A descriptive cross-sectional study was conducted of 200, 12–15-year-old schoolchildren in Northern Nigeria using the Dental Health Component (DHC) and Aesthetic Component (AC) of the Index of Orthodontic Treatment Need (IOTN). A structured interview and clinical examination were used to assess the subjects. Descriptive statistics and χ2 tests were used for data analysis with statistical significance set at P < 0.05.

Results:

There were 19.5% with definite need (DHC 4 or 5) for orthodontic treatment and 15.5% borderline need (DHC 3). The AC scores demonstrated that 1% of the studied subjects had a definite need (AC 8–10) for orthodontic treatment and 24% borderline need (AC 5–7). A statistically significant relationship between AC and DHC of IOTN among the study population (P < 0.05) was observed.

Conclusion:

Using the DHC of the IOTN, the proportion of subjects estimated to have great and very great treatment needs (grades 4 and 5) was 19.5%. However, only 1% of individuals were in need (grades 8–10) of orthodontic treatment according to the AC. Awareness about orthodontic treatment should be a part of public health planning for this region.
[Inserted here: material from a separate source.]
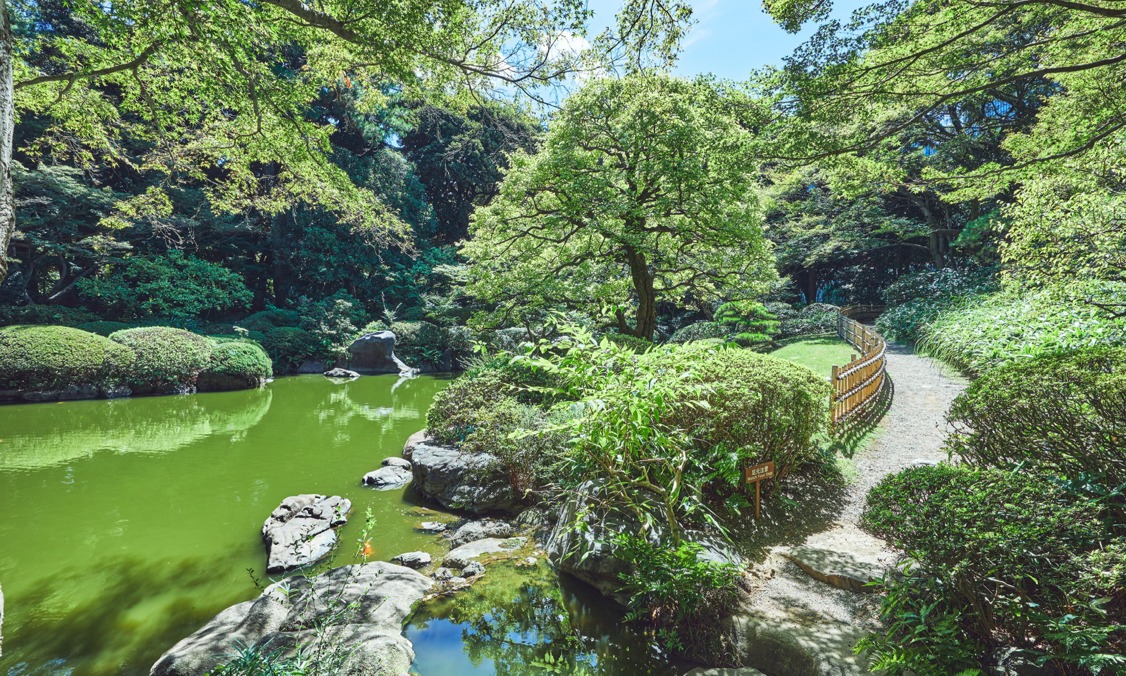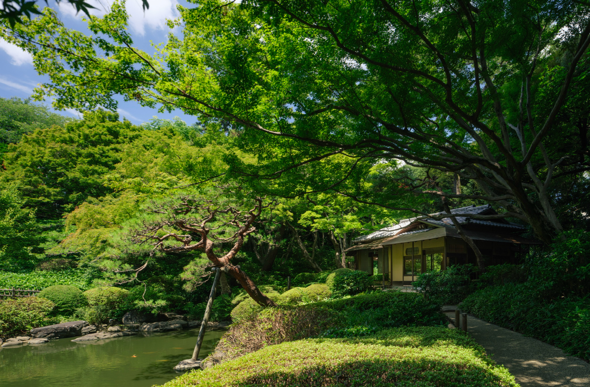 池や築山、流れる水の音が加わる日本庭園エリアは、東京都心とは思えない静けさを湛えています。一方で西洋庭園 芝庭は、幾何学的に整えられた芝生や植栽が洋館の美しい外観を引き立て、ふたつの異なる雰囲気を楽しめます。
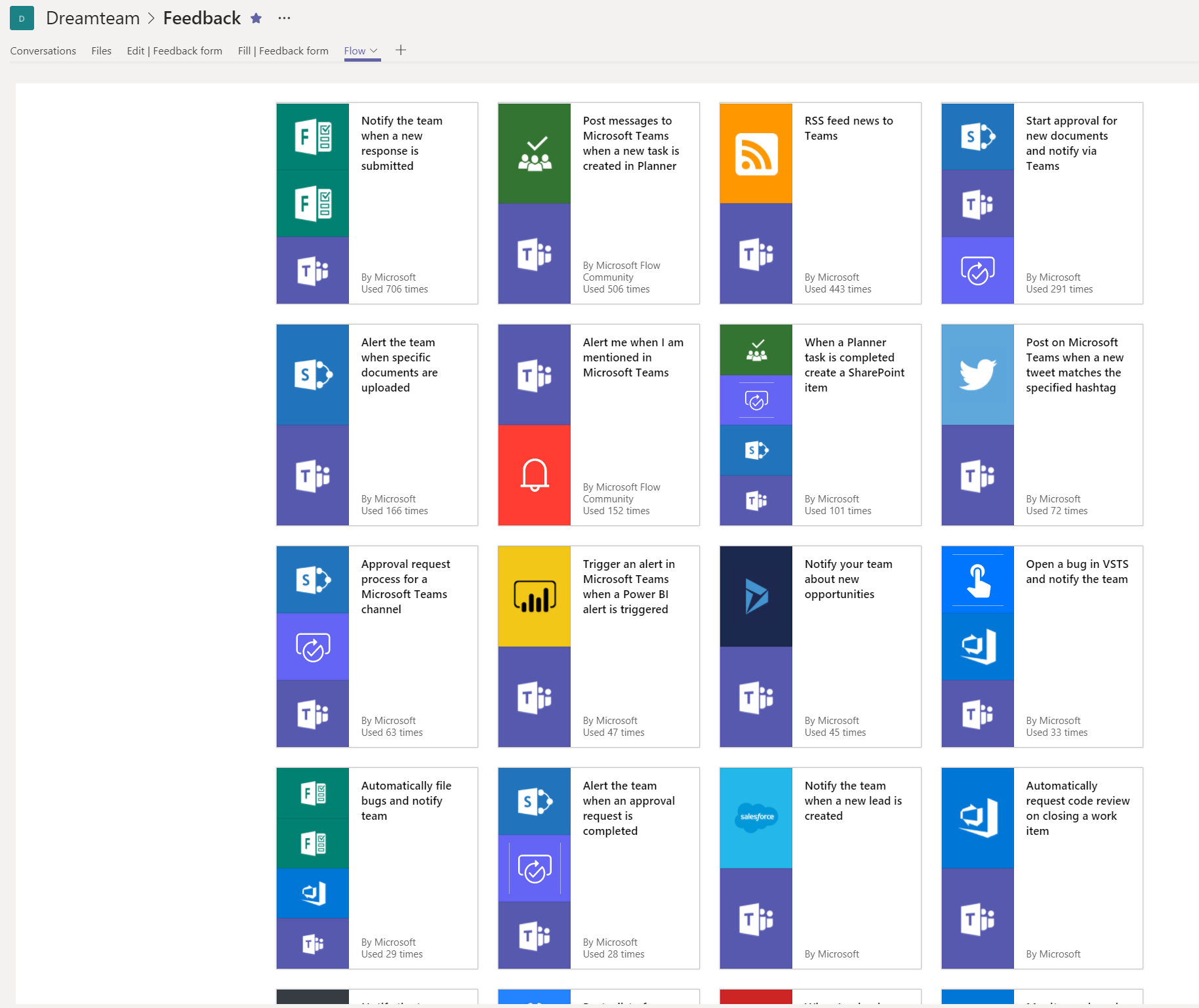 Flow tabs in Teams was recently released (6.12.2018)! This makes the Flow team owned as well, instead of creating a Flow owned by you and sharing it with your colleagues. This way Flows can be edited by any member of the team – and they are not tied to a single person for access or lifecycle control.

Keywords: Adolescents, IOTN, Nigeria, orthodontic treatment need, orthodontics

Introduction

Majority of orthodontic patients are children and adolescents; therefore, information on the orthodontic treatment need among this demography allows convenient national budget planning. Orthodontic treatment is important because malocclusion has been linked not only to aesthetic concerns but also to functional limitations and psychological impact.[1] Information about the prevalence of malocclusion and need for orthodontic treatment allows for public health planning and informed national funds allocations.[2]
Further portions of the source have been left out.